Днем я наведалась в условленное место в городском саду, где находилась наша подпольная почта, и принесла письмо. Под ним стояла подпись: "Голубка".
- От Луизы! - обрадовались мы.
- "Дорогая мамочка! - стал читать вслух Витя. - Вот уже скоро неделя, как я живу здесь. Здорова, но по временам еще дрожат от слабости ноги. Надеюсь, постепенно привыкну и буду чувствовать себя бодрее. Очень скучаю по Толику, здоров ли он?"
- Вот противная, - не выдержала я. - Прежде всего о своем Толике.
- "Как поживают мои дети?" Дети - это мы, наша группа, - пояснил "брат". - "Меня встретили на новом месте хорошо.

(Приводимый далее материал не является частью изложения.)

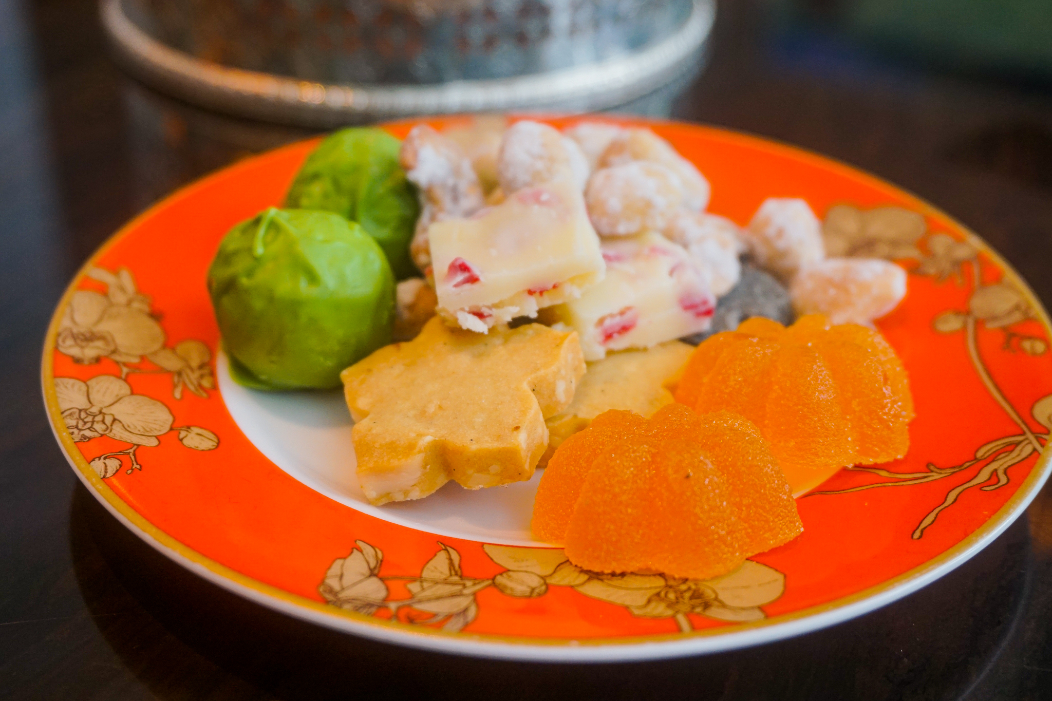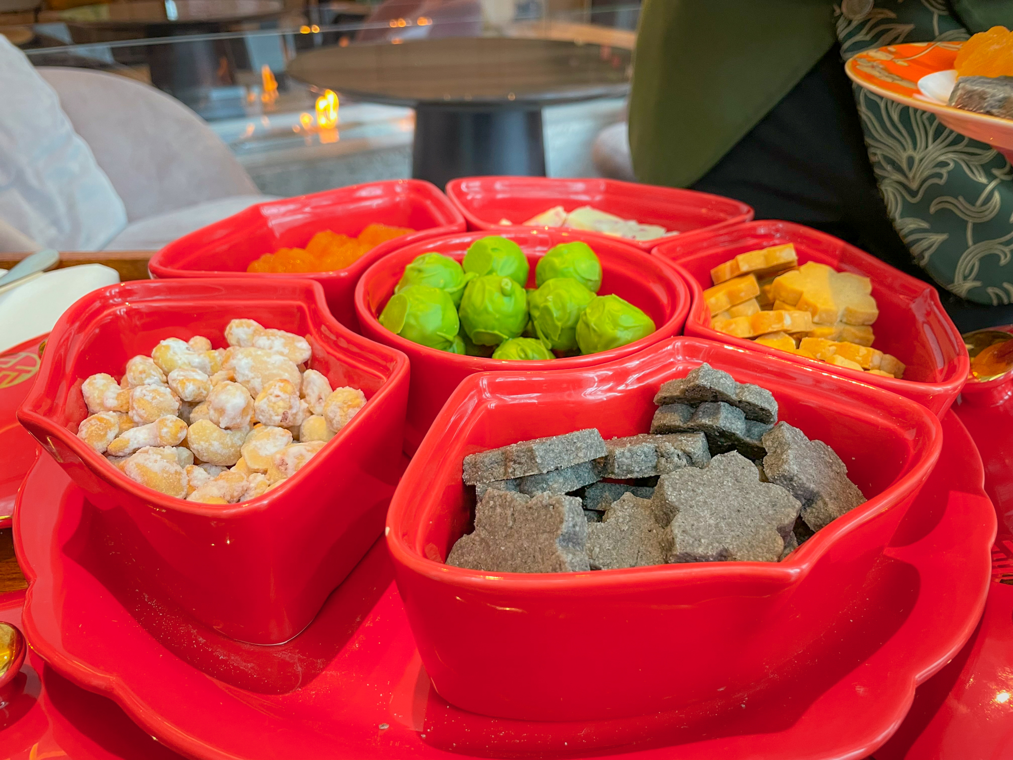 The hotel ordinarily offers an Asian-themed afternoon tea. During our visit in the last days of March, the Pan Pacific was still offering its Lunar New York afternoon tea menu. The savouries were sadly, somewhat disappointing, comprising a short kaya toast tower sandwiching a thick unmelted round of butter, and four pastry cups filled with cold shredded duck meat, cold soba noodles, and cold crispy tofu. Cold/room-temperature does not really work for Asian food…except for maybe sushi or Thai salads. Instead of scones, we received a platter of traditional Chinese sweets from the “Prosperity Box“, such as candied nuts, jujubes, crackers, shortbread and matcha chocolates.

Все ко мне внимательны, стараются успокоить и развеселить. Начальник относится ко мне по-отечески, говорит, что не даст в обиду и окажет содействие в моих хлопотах. Поэтому обо мне не беспокойся. Дела у меня идут хорошо". - Слава богу! - облегченно вздохнул "брат". - Надо скорее сообщить туда, что все в порядке.
Дальше Луиза с помощью шифра сообщала, что к Симферополю движутся два эшелона с танками и несколько частей СС и что из разговоров офицеров она поняла, что в этом месяце Севастополю готовится большой "кулак".
- Ну, это мы еще посмотрим, кто кому приготовит кулак, - хмуро сказал Витя.
В ту же ночь он передал первое донесение Луизы командованию.
XV
Так началась наша жизнь в тылу врага.
Я ежедневно, чаще всего ночью, ходила в разведку, наблюдая за передвижением немецкой техники по дорогам, прилегающим к Симферополю, а также навещала "почтовый ящик" и приносила все эти сведения "брату", который передавал их через фронт.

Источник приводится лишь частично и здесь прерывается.